Keep in mind that any organization has a number of taxonomies, not just one. There are taxonomies for roles and titles, physical locations, product ordering schemas, manufacturing bills of materials, and so on. When they function properly, these taxonomies provide a method for keeping information straight and seeing how things interact during the course of business operations. These taxonomies are usually independent of each other until the corporate culture determines how they fit together and what priority each has.
Increasingly one hears anecdotes and stories about SharePoint implementations that went well for three-to-six months but then stopped working properly. Upon review it is usually found that a few fundamental mistakes were made on deployment that led to failure, and that the only remedy is to essentially decommission the existing deployment and redeploy the way things "should have been done" in the first place. Every failure story I've ever heard in relation to SharePoint had nothing to do with the technology itself. Rather it had to do with a lack of homework and planning up front by the leadership in the organization. It wasn't even a failure by IT in most cases, but a fundamental mis-understanding and erroneous expectations on the part of the senior leadership team. My workshops are intended to correct this fundamental misunderstanding by putting business and technology leadership on the same page (and in the same room for two day).
Before you can begin designing your role, site, navigation, and document taxonomies you need to establish your "Top-Level" taxonomy as the overall organizing principle for information storage and management.
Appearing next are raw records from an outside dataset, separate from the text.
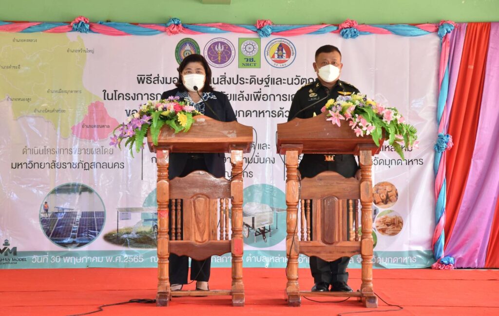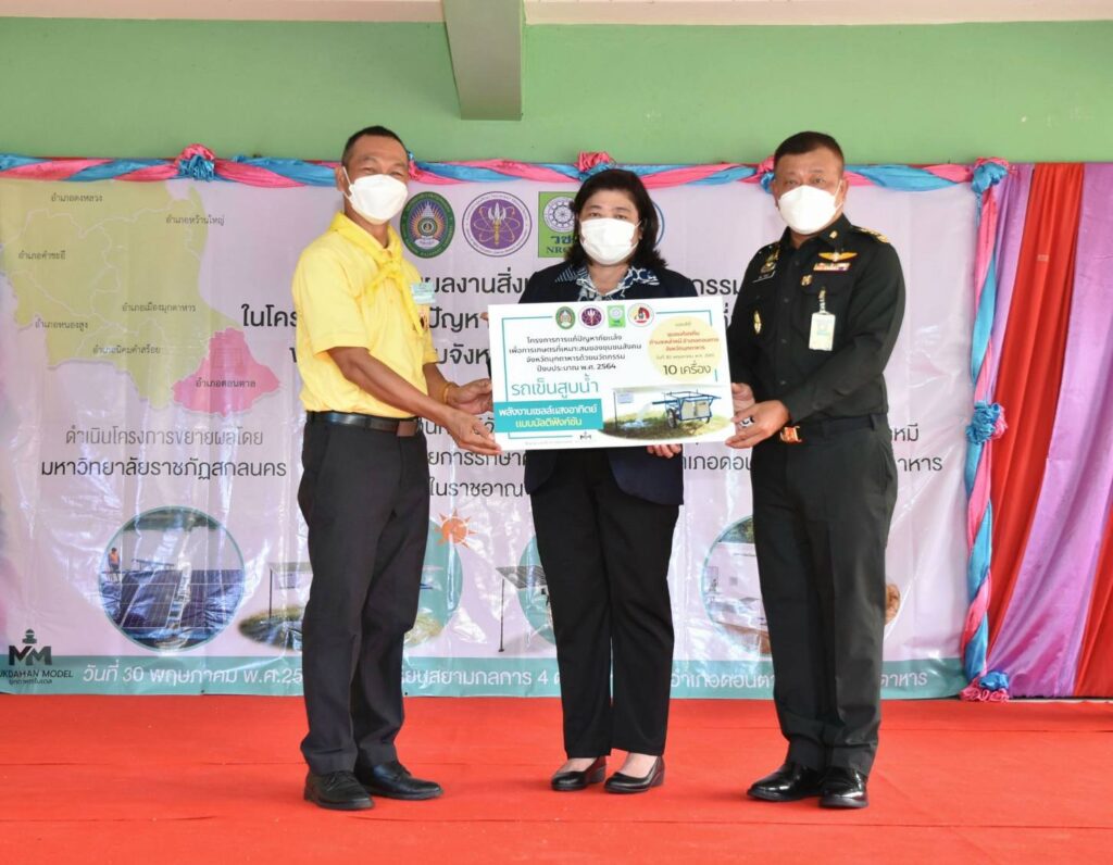 และ มหาวิทยาลัยราชภัฏสกลนคร จัดพิธีส่งมอบนวัตกรรมเพื่อแก้ปัญหาภัยแล้งและยกระดับการแปรรูปผลผลิตทางการเกษตร
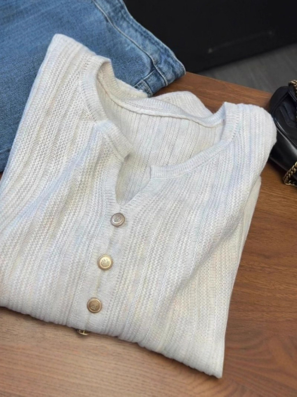 Дамски плетен топ с V-образно деколте, корейски стил, дълги ръкави, за слоево обличане, от вискоза
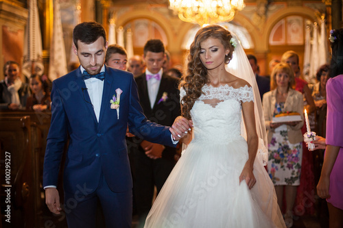 Bride and groom holding hands and walking during wedding ceremony in church

This is one of many terms I've coined in an effort to communicate new ideas to new audiences, but what kind of taxonomy is this? What I've been calling a top-level taxonomy is actually a "POLICY TAXONOMY" and not a document taxonomy. It has to do with groups of corporate policies and the documents associated with them. So, step one is to create a clear taxonomy of corporate policies that will govern the supporting polices and best practices that bring order to the SharePoint environment.
This POLICY TAXONOMY absolutely CAN'T be created or maintained by IT. It is a whole-business taxonomy that organizes how everyone thinks about the information being managed. Everything from roles to approval workflows find their foundation in the POLICY TAXONOMY.
So the POLICY TAXONOMY must be created and maintained by a small Governance Board composed of policy-setters from various stakeholder organizations across the organization. This is why my Governance and Taxonomy Workshop can be so valuable. We get the policy-setters or their designates together and arrive at a POLICY TAXONOMY that enables everyone to understand the key management issues involved in keeping up and maintaining the information within a SharePoint environment.
The POLICY TAXONOMY also provides a test case for the Governance Board to use in learning how to function together in guiding business policies that govern information contained within SharePoint.